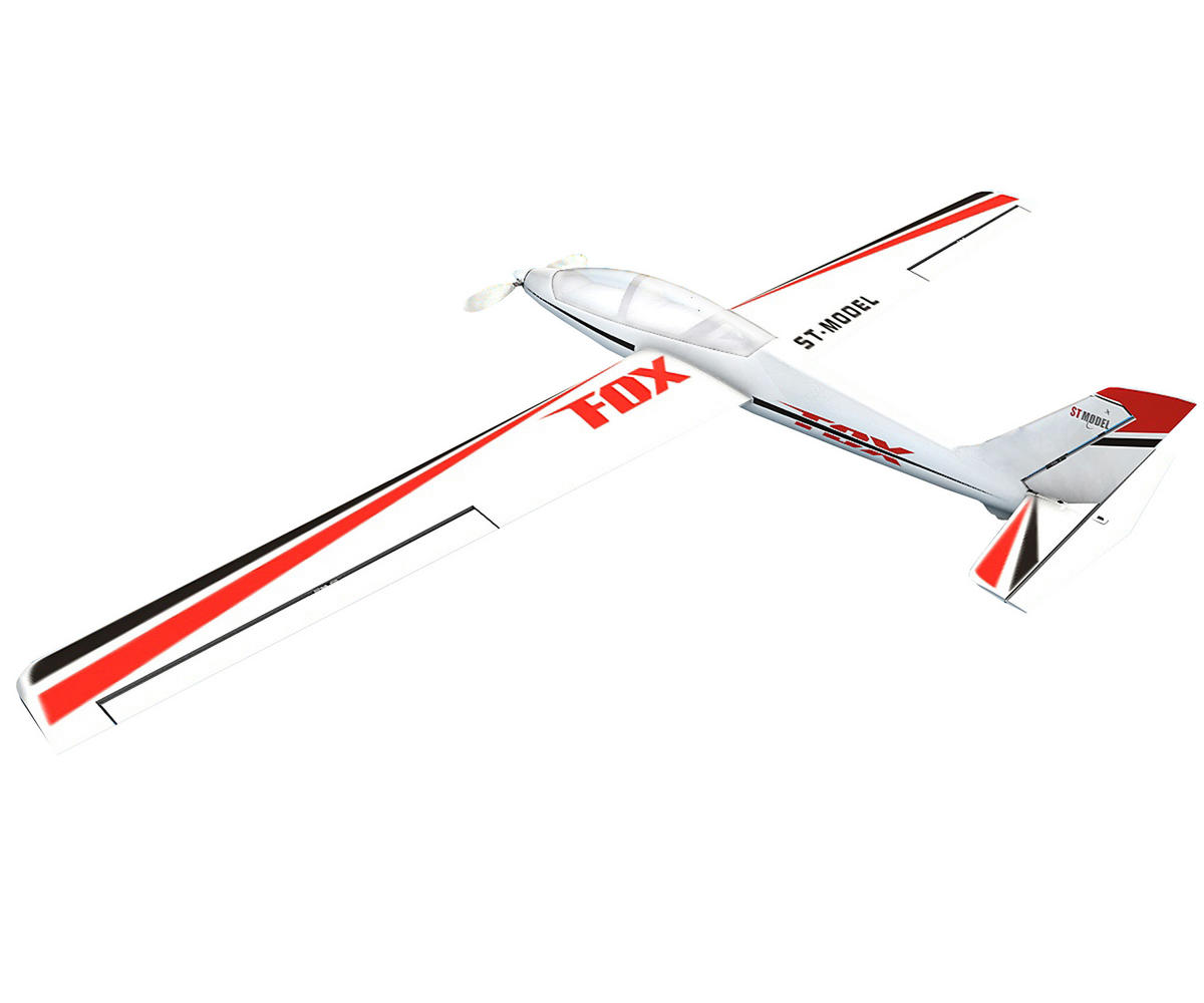 S-T Fox RTF 180cm vingespenn. Motorseiler med balanseror, flyet er laget i ett isopormateriale som tåler ekstra mye og leveres ferdig med elektronikk montert. Modellen er utstyrt med børsteløst motorsystem og li-po batteri. Flyet er enkelt å montere og leveres komplett bortsett fra 8AA batterier til radioen.
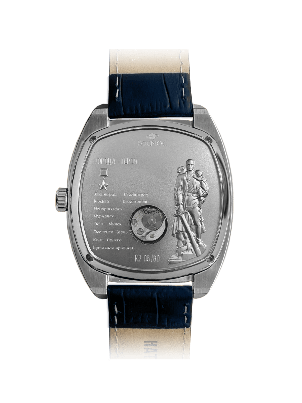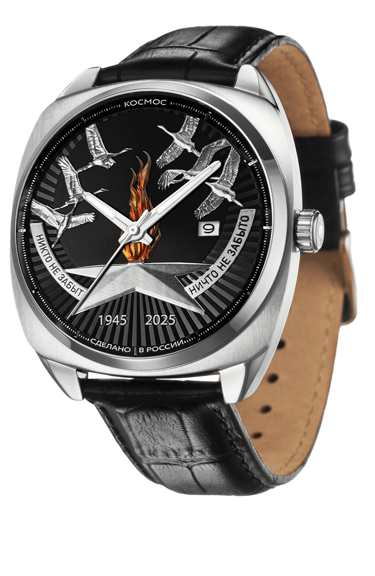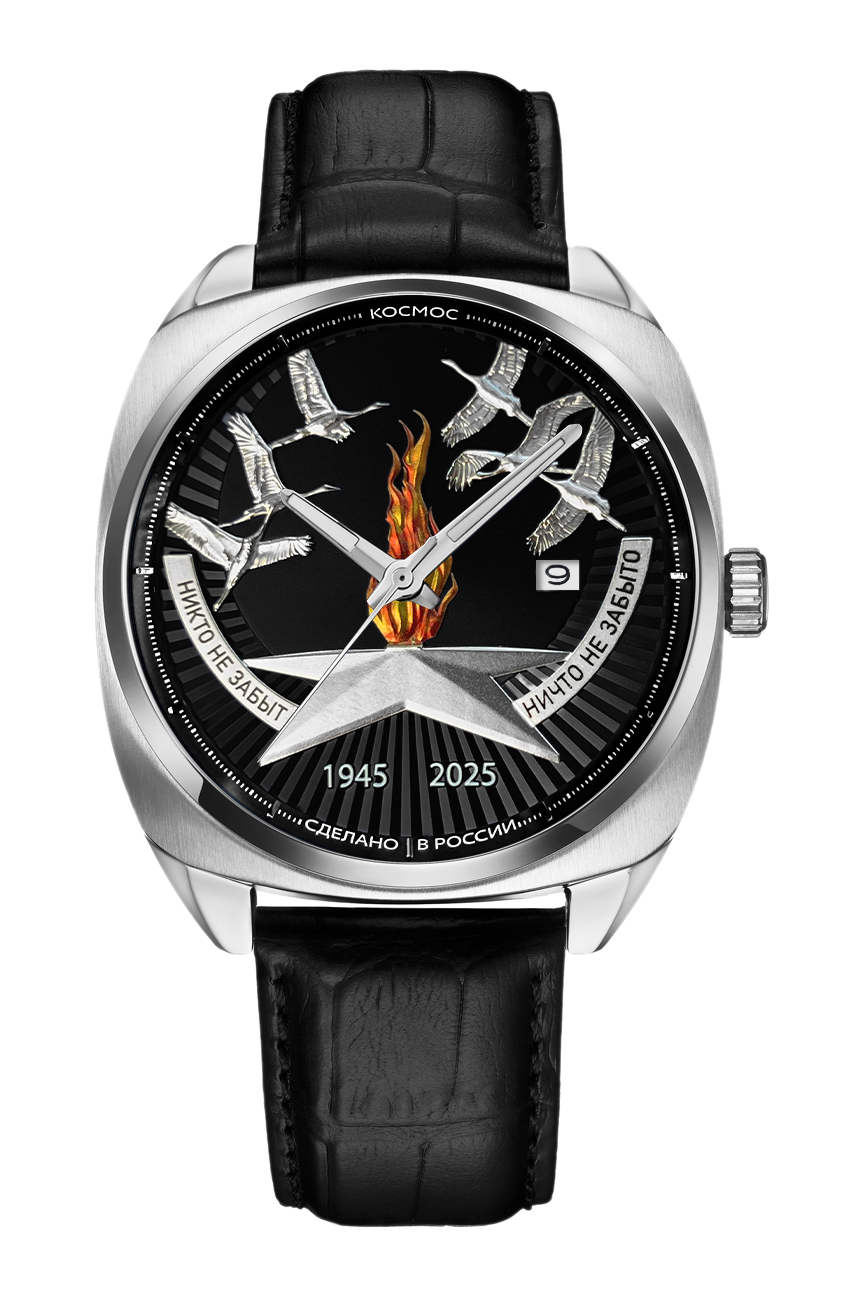 В честь 80-летия Великой Победы бренд «Космос» выпускает уникальную серию часов «80 лет Победы», посвященную героям, отстоявшим мир и свободу в годы Великой Отечественной войны. На циферблате черного цвета «горит» Вечный огонь, накладной элемент в виде объемной пятиконечной звезды и языков пламени. Над Вечным огнем парят журавли, трогательный символ памяти о солдатах, не вернувшихся с поля боя. На специальной пластине можно прочитать строки из стихотворения Ольги Берггольц, написанные в 1959 году: «Никто не забыт, ничто не забыто». На задней крышке часов выгравированы имена 12 городов-героев и Брестской крепости, которая первой почувствовала агрессию захватчиков. Еще одна гравировка, украшающая заднюю крышку — памятник воину-освободителю, держащему на руках маленькую немецкую девочку, символ освобождения народов Европы от нацизма. Коллекция выпущена в двух сериях по 80 экземпляров каждая. На задней крышке часов находится индивидуальный номер в формате хх/80. Функции: часы, минуты, секунды, дата.
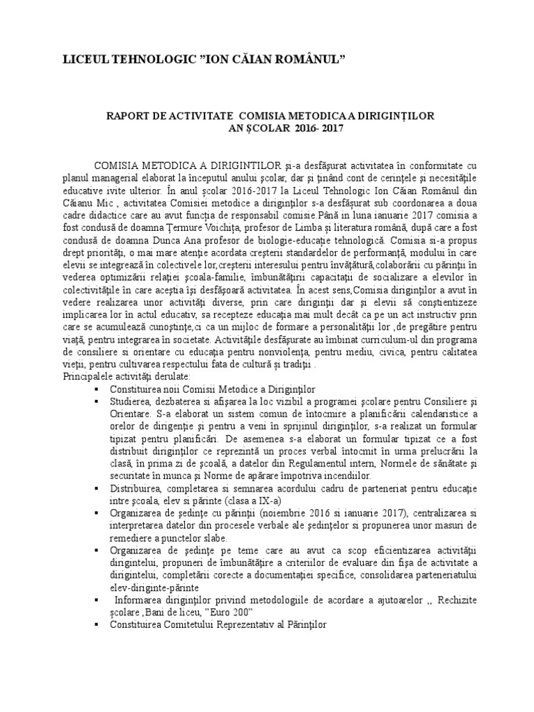 Comisia metodica a dirigintilor şi a desfăşurat activitatea în conformitate cu planul managerial elaborat la începutul anului şcolar dar şi ţinând cont de cerinţele şi necesităţile educative ivite ulterior. Raport comisia dirigintilor 2017 2018. Comisia metodica a diriginţilor an școlar 2017 2018. 0 stele 0 review uri.
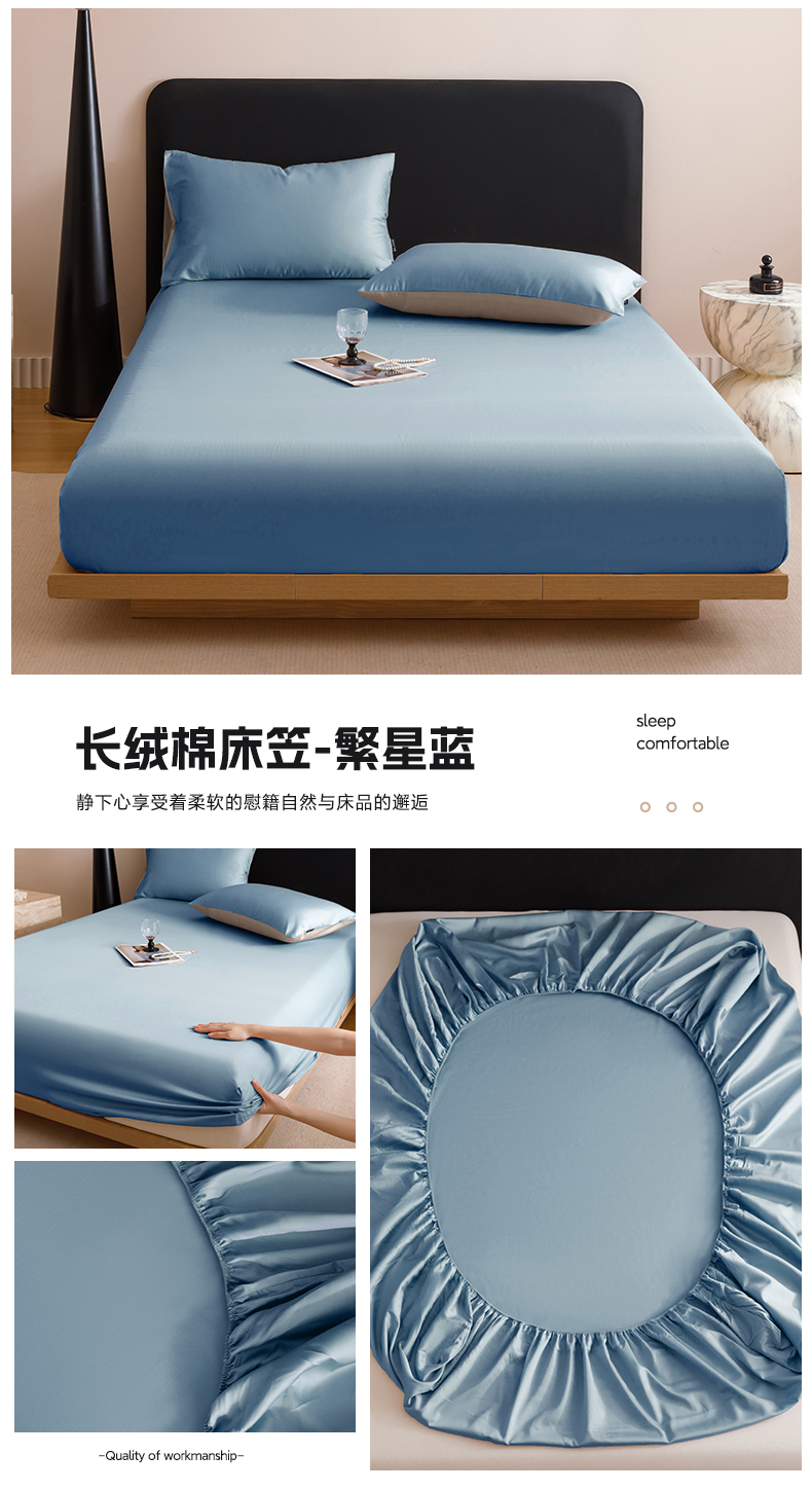 • 91家纺网 家纺一手货源 找家纺 寐绸家纺 2025新款纯棉60支长绒棉床笠系列 长绒棉床笠-繁星蓝
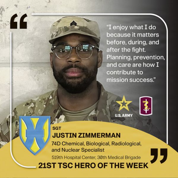 Meet Sgt. Justin Zimmerman, a 74D Chemical, Biological, Radiological, and Nuclear (CBRN) Specialist who serves with the 519th Hospital Center, 30th Medical Brigade.
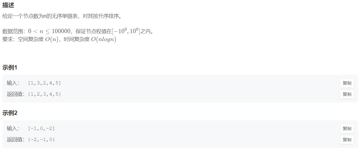 时间复杂度O(NlogN):N表示链表结点数量,二分归并算法O(NlogN)

→ Work order:
With the pictures excluded, the line containing "寐绸家纺 2025新款纯棉60支长绒棉床笠系列 长绒棉床笠-繁星蓝" and every line after it through the end of the data above are to be transcribed exactly, and nothing more.

→ Solution to the exercise:
 • 91家纺网 家纺一手货源 找家纺 寐绸家纺 2025新款纯棉60支长绒棉床笠系列 长绒棉床笠-繁星蓝
 Meet Sgt. Justin Zimmerman, a 74D Chemical, Biological, Radiological, and Nuclear (CBRN) Specialist who serves with the 519th Hospital Center, 30th Medical Brigade.
 时间复杂度O(NlogN):N表示链表结点数量,二分归并算法O(NlogN)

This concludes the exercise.